Il reste donc à établir si le règlement n° 3643-84, dont la durée de validité a été prolongée par le règlement n° 1015-85, précité, est venu à expiration, comme le soutient Silver, avant l'entrée en vigueur du règlement n° 1698-85.
Selon l'article 4, paragraphe 2, du règlement n° 1182-71 du Conseil, du 3 juin 1971, fixant les règles applicables aux délais, dates et termes (JO L 124, p. 1), l'"entrée en vigueur, la prise d'effet ou la mise en application d'un acte des institutions fixées à une date déterminée interviennent au début de la première heure du jour correspondant à cette date", tandis que, selon le paragraphe 3 du même article, la cessation de la validité, la cessation des effets ou la cessation de l'application d'un acte, fixées à une date déterminée, "interviennent à l'expiration de la dernière heure du jour correspondant à cette date". Il s'ensuit que le règlement n° 3643-84, entre en vigueur le 23 décembre 1984, prorogé jusqu'au 23 juin 1985 et devant cesser d'être en vigueur ce jour-là à 24 heures, a été remplacé, pendant la durée de sa validité, par le règlement n° 1698-85, qui est entré en vigueur le 23 juin 1985 à 0 heure.

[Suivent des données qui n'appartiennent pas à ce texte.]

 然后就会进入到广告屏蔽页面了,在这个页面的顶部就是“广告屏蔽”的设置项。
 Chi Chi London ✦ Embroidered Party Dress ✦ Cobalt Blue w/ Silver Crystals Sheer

Le moyen doit dès lors être rejeté.
Sur le moyen tiré des irrégularités de la procédure
Silver fait enfin valoir que le règlement est vicié en raison du fait que les droits de la défense ont été violés au cours de la procédure, comme cela serait prouvé par le fait qu'elle n'a eu ni l'accès à l'information, ni les occasions de se défendre qui ont été accordés à d'autres entreprises.

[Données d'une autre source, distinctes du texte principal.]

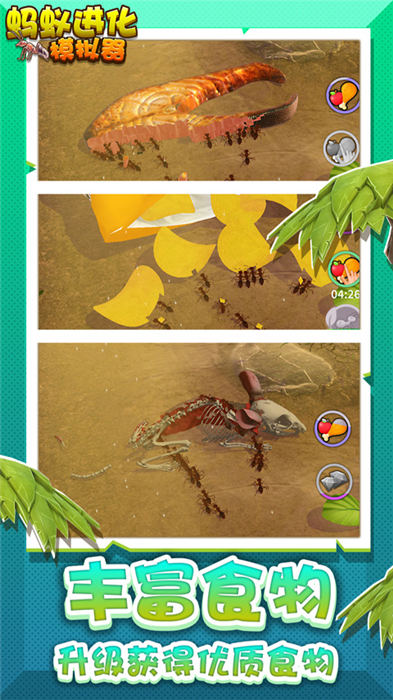 2、分工协作机制:还原真实蚂蚁社会分工,工蚁负责采集建造,兵蚁负责保卫领地,蚁后负责繁殖壮大族群规模。

A cet égard, il convient d'observer que les règles détaillées, énoncées aux articles 7 et 8 du règlement n° 2176-84, en matière d'information des entreprises concernées par une enquête antidumping, ont été respectées en l'espèce. Le décalage entre les dates ou les informations, ont été fournies aux différentes sociétés découlé de l'impossibilité pratiqué d'organiser des réunions regroupant simultanément toutes les sociétés intéressées ou de leur donner simultanément toutes les informations et ne peut donc pas être considéré comme une violation du droit de la défense, d'autant plus que rien ne permet d'estimer que ce décalage aurait été utilisé pour défavoriser Silver par rapport à d'autres sociétés intéressées.

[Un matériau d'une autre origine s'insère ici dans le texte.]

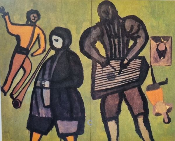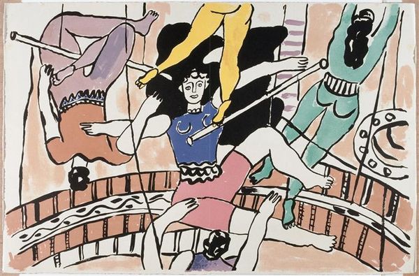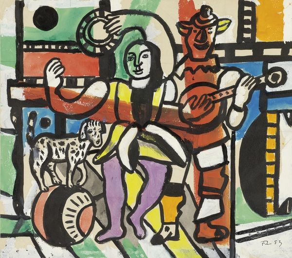Fernand Léger made this study for ‘La Grande Parade’ with gouache, ink, and graphite, and you can really feel the joy in its creation. The color palette is upbeat and playful, lots of yellow, purple, and green, like a primary school party or an invitation to the circus! What really grabs me is the materiality of the piece. The gouache is laid down in these confident, almost slapdash gestures, giving the whole thing a sense of immediacy, like Léger was just having fun. The way the ink outlines define the figures but also bleed into the gouache, it's like the forms are still in process, not quite settled. It's especially noticeable around the clown's ruff on the right. It makes me think about how Léger saw the world as a kind of construction site, always in motion. He was clearly looking at Cezanne and the early cubists, but I also see echoes of Matisse’s paper cut-outs in that color palette and confident line. But Léger’s got his own thing, a kind of mechanical whimsy that’s totally unique. It's a reminder that art is a conversation, not a monologue.

Le moyen doit dès lors être rejeté.
Au vu des constatations qui précédent, il y a lieu de rejeter les recours dans leur ensemble comme non fondés.
Sur les dépens
Aux termes de l'article 69, paragraphe 2, du règlement de procédure, toute partie qui succombe est condamnée aux dépens. Les requérantes ayant succombé en leurs moyens, il y a lieu de les condamner, solidairement dans l'affaire 273-85, aux dépens, tant de la procédure principale que de la procédure en référé, y compris ceux des parties intervenantes qui ont conclu en ce sens.
Par ces motifs,
LA COUR (cinquième chambre),
Déclare et arrête :
1) les recours sont rejetés.
2) les requérantes sont condamnées, solidairement dans l'affaire 273-85, aux dépens, tant de la procédure principale que de la procédure en référé, y compris ceux des parties intervenantes qui ont conclu en ce sens.